This is the third in a new series of blogs written for our website by Humanity Project Founder, Bob Knotts, a playwright, poet and author of the book “Beyond Me: Dissecting Ego To Find The Innate Love At Humanity’s Core.” These blogs offer a more personal perspective on the goodness and inherent value of humanity, ideas that are the foundation of the Humanity Project’s work.
I learned this lesson as a child who was badly bullied by several neighborhood boys. There is a difference, often a big difference, between the individual and the group. Living in our small Ohio town, I got along wonderfully most of the time when alone with one of my friends. But when more than one other boy was part of the mix, especially whenever several of us played together, the atmosphere changed. The kid who had been nice to me when throwing a baseball back and forth the day before, just the two of us, suddenly had become aggressive. Often hostile, demeaning, even threatening. I couldn’t understand why back then. Now I believe I do understand. And I also believe that this very fact of human life may offer us some reassurance as adults, oddly enough.
Every individual has a powerful reservoir of goodness, decency, love within them. I feel certain of this based on my 67 years of life, most of which I’ve worked as a writer and a close observer of my fellow Homo sapiens. But this reservoir can seem to vanish as if a mirage when we human beings coalesce into a group. The basic reason, I believe, is that nearly all individuals worry obsessively about the opinion of others. We want to impress, show off or find some form of validation that makes us feel good individually. As the great psychologist and philosopher, William James expressed this: “The deepest principle in human nature is the craving to be appreciated.” And when we seek this outside approval, we sometimes lose our bearings as an individual. We may feel things, think things, say and do things we wouldn’t without someone watching. We can even become hostile, demeaning, threatening. Or worse.
Yet I take great hope in the individual goodness of human beings. And I would suggest that you should too.
Why? Think about it. If I’m right, this means that everyone you know, everyone you meet, has a good heart down at the foundation of their being. And it’s usually possible to reach that goodness inside people — if we don’t judge them. That’s why the Humanity Project teaches our kids and adults alike a concept I call “shared value.” We shift our conscious attention, focusing less on what others think of us, more on what others think of themselves. This helps diminish our tendency to quickly and harshly judge other people, extending toward them a more accepting attitude. And that attitude in turn helps us feel better about ourselves by reducing our worry about the opinions of others. The value is shared.

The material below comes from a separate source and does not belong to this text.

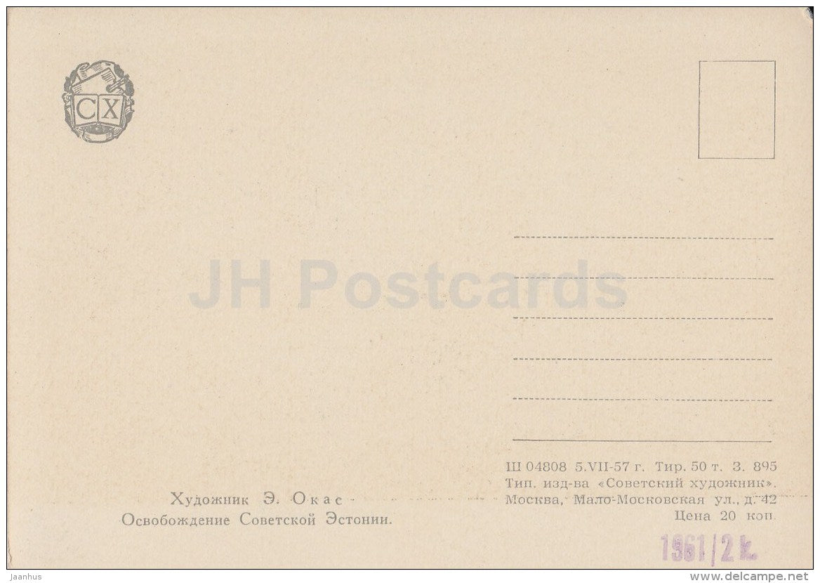 painting by Evald Okas - Liberation of Soviet Estonia - tank - Estonian art - Russia - 1957 - Russia USSR - unused

Yes, it’s true. When people get with other people, we change. Too frequently, not for the better. We maneuver and connive for personal advantage. We often lie and cheat, sometimes steal or act violently. Even crowded highways can bring out our worst, many drivers scooting through traffic with reckless abandon to get ahead of a few cars for no sensible reason. The many problems of our society are the problems of individuals interacting with other individuals. These problems are rooted in the human desire for approval in one way or another. But I am now convinced this is a correctable situation. Individuals can learn to transcend ego for the benefit of others and themselves. We can raise children who learn to acquire feelings of their value more from within than from without.

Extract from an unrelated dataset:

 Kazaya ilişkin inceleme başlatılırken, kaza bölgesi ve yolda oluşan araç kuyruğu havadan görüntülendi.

Until that day comes, we all can harbor a justifiable hope for humanity. And a firm belief in the goodness and inherent equal value of every individual. There’s nothing truly wrong with any one of us as a human being. Once we learn to accept this and relax about ourselves, our individual value will no longer seem at stake when we’re around other people. And our society can begin to prize cooperation over competition, partnership over pettiness, taking a grand step forward in the cultural evolution of our species.